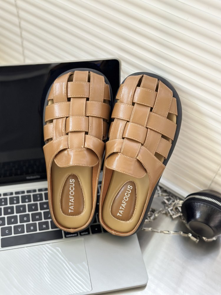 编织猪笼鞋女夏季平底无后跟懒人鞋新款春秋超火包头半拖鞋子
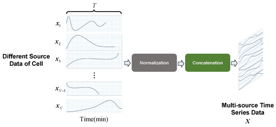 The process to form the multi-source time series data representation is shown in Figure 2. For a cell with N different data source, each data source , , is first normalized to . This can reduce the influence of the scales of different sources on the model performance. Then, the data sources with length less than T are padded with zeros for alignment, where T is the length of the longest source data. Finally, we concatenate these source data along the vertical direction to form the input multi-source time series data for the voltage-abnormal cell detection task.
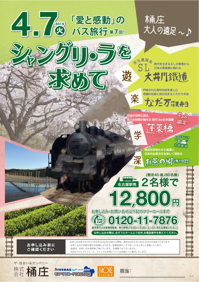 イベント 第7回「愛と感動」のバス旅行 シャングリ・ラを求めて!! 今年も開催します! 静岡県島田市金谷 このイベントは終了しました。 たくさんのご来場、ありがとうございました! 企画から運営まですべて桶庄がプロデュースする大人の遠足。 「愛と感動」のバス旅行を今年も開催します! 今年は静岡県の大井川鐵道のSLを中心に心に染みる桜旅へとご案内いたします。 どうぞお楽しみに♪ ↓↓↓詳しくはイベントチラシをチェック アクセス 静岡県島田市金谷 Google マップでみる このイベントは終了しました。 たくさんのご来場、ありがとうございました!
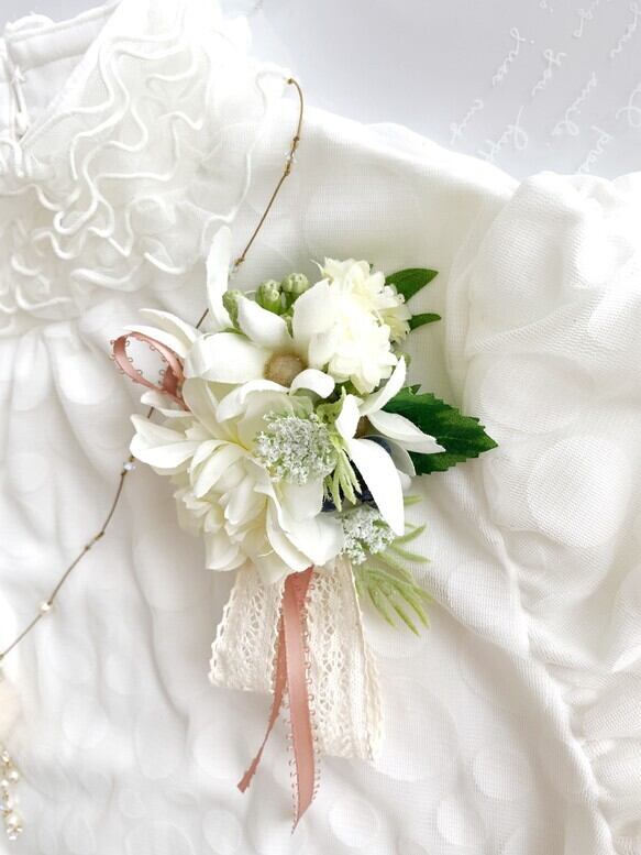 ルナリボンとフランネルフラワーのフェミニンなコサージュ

---

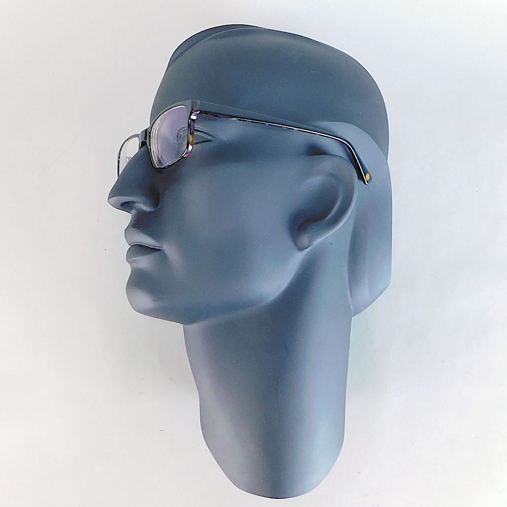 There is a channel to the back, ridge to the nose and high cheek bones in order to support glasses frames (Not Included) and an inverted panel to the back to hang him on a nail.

What the task requires: Given the listing above, retype only the span of lines from the line with "イベント 第7回「愛と感動」のバス旅行 シャングリ・ラを求めて!!" up to and including the line with "ルナリボンとフランネルフラワーのフェミニンなコサージュ", exactly as it stands and without pictures.

Answer box:
 イベント 第7回「愛と感動」のバス旅行 シャングリ・ラを求めて!! 今年も開催します! 静岡県島田市金谷 このイベントは終了しました。 たくさんのご来場、ありがとうございました! 企画から運営まですべて桶庄がプロデュースする大人の遠足。 「愛と感動」のバス旅行を今年も開催します! 今年は静岡県の大井川鐵道のSLを中心に心に染みる桜旅へとご案内いたします。 どうぞお楽しみに♪ ↓↓↓詳しくはイベントチラシをチェック アクセス 静岡県島田市金谷 Google マップでみる このイベントは終了しました。 たくさんのご来場、ありがとうございました!
 ルナリボンとフランネルフラワーのフェミニンなコサージュ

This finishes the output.